*** Opening RECORD SET ***

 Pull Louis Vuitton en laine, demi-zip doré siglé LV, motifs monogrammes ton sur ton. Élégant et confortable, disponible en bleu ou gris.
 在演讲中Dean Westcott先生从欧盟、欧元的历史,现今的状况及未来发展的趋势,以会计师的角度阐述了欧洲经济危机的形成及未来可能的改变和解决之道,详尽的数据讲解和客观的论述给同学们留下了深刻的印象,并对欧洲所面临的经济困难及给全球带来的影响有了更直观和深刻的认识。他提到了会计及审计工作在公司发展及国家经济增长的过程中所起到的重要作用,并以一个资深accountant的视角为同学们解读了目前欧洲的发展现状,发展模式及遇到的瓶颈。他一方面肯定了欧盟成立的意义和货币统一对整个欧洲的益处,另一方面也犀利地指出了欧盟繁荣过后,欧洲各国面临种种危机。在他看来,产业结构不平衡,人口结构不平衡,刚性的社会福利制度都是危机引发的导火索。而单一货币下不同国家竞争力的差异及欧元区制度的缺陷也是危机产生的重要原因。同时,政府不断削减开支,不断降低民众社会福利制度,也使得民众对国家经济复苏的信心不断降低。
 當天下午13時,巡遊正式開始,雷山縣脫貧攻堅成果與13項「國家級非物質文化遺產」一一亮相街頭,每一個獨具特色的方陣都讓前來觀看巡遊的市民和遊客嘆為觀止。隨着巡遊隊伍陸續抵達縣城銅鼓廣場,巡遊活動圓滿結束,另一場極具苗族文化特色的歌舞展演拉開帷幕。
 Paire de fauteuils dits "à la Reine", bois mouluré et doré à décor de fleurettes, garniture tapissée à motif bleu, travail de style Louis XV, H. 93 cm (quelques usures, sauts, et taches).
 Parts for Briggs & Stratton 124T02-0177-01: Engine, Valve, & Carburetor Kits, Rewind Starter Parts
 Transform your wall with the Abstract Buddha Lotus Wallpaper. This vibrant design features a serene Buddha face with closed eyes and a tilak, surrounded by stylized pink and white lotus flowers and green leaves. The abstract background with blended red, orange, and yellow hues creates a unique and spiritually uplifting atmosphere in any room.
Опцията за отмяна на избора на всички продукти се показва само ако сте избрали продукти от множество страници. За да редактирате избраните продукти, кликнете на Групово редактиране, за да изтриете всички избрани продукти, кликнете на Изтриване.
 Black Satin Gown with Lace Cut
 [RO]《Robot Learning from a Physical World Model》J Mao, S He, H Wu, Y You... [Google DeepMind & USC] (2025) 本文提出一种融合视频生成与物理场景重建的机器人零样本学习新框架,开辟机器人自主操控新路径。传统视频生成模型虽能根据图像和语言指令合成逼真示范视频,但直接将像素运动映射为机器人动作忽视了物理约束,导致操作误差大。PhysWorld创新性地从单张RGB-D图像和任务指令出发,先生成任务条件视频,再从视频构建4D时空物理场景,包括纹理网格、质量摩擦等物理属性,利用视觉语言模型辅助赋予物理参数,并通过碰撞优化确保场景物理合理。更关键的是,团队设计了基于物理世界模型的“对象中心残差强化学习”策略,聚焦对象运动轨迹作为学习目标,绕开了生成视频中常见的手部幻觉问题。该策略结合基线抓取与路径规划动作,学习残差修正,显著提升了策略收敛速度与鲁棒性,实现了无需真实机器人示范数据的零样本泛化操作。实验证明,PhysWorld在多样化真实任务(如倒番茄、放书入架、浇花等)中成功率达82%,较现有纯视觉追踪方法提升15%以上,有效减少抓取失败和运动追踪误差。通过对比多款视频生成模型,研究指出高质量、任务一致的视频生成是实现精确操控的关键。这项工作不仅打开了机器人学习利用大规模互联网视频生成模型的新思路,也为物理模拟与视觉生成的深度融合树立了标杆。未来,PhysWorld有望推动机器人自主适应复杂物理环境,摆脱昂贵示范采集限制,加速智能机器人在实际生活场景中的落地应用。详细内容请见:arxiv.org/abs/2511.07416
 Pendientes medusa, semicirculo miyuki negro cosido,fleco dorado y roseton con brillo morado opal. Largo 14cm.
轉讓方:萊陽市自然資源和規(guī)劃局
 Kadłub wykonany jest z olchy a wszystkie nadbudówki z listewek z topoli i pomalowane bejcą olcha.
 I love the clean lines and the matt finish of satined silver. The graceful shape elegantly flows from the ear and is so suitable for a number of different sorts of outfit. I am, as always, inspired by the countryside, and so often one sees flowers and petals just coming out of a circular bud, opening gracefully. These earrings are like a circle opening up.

*** Closing RECORD SET ***

== ACTION ITEM ==
What's needed is a word-for-word copy of the lines from the one holding "轉讓方:萊陽市自然資源和規(guī)劃局" through the final line of the data.

== RESULT OF THIS EXERCISE ==
轉讓方:萊陽市自然資源和規(guī)劃局
 Kadłub wykonany jest z olchy a wszystkie nadbudówki z listewek z topoli i pomalowane bejcą olcha.
 I love the clean lines and the matt finish of satined silver. The graceful shape elegantly flows from the ear and is so suitable for a number of different sorts of outfit. I am, as always, inspired by the countryside, and so often one sees flowers and petals just coming out of a circular bud, opening gracefully. These earrings are like a circle opening up.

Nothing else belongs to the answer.